Your assignment:
In the listing below, find the line with "Пластина у блесны" and the line with "Overloop met trapopgang", then return them and every line between them exactly, minus the pictures.

Supplied records:
_ _ _

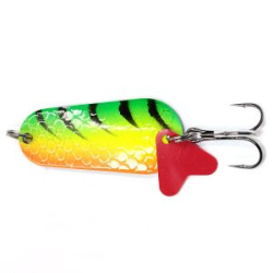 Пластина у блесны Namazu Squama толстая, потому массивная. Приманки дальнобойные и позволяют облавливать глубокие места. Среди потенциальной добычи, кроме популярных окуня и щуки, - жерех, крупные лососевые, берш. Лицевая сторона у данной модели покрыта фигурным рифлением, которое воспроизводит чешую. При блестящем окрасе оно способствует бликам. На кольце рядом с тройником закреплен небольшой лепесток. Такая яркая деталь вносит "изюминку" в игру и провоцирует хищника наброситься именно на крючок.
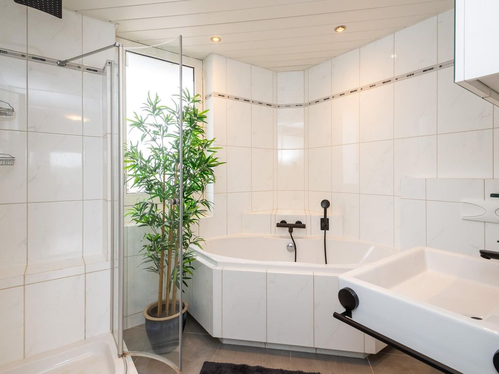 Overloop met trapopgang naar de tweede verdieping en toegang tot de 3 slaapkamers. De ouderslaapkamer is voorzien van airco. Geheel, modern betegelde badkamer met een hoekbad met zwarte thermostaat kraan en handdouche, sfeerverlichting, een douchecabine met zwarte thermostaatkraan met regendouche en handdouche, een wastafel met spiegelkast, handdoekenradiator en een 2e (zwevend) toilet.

_ _ _

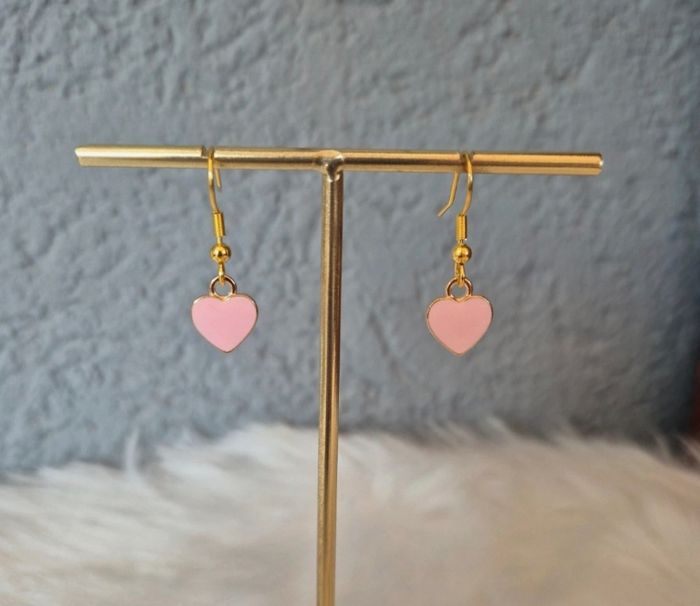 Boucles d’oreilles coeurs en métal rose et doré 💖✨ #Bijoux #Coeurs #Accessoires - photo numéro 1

_ _ _

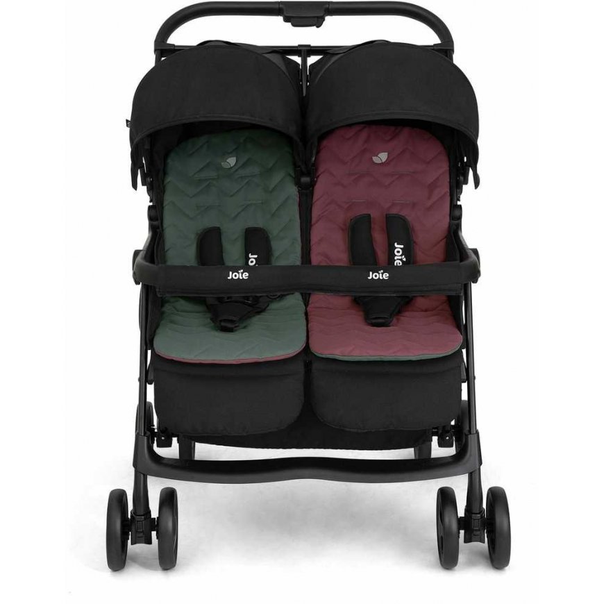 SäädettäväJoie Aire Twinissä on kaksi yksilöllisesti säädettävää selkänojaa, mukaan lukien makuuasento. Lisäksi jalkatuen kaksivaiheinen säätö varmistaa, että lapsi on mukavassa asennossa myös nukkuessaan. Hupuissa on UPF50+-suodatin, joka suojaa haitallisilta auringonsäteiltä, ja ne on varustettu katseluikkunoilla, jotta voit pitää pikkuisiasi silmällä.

_ _ _

Task response:
 Пластина у блесны Namazu Squama толстая, потому массивная. Приманки дальнобойные и позволяют облавливать глубокие места. Среди потенциальной добычи, кроме популярных окуня и щуки, - жерех, крупные лососевые, берш. Лицевая сторона у данной модели покрыта фигурным рифлением, которое воспроизводит чешую. При блестящем окрасе оно способствует бликам. На кольце рядом с тройником закреплен небольшой лепесток. Такая яркая деталь вносит "изюминку" в игру и провоцирует хищника наброситься именно на крючок.
 Overloop met trapopgang naar de tweede verdieping en toegang tot de 3 slaapkamers. De ouderslaapkamer is voorzien van airco. Geheel, modern betegelde badkamer met een hoekbad met zwarte thermostaat kraan en handdouche, sfeerverlichting, een douchecabine met zwarte thermostaatkraan met regendouche en handdouche, een wastafel met spiegelkast, handdoekenradiator en een 2e (zwevend) toilet.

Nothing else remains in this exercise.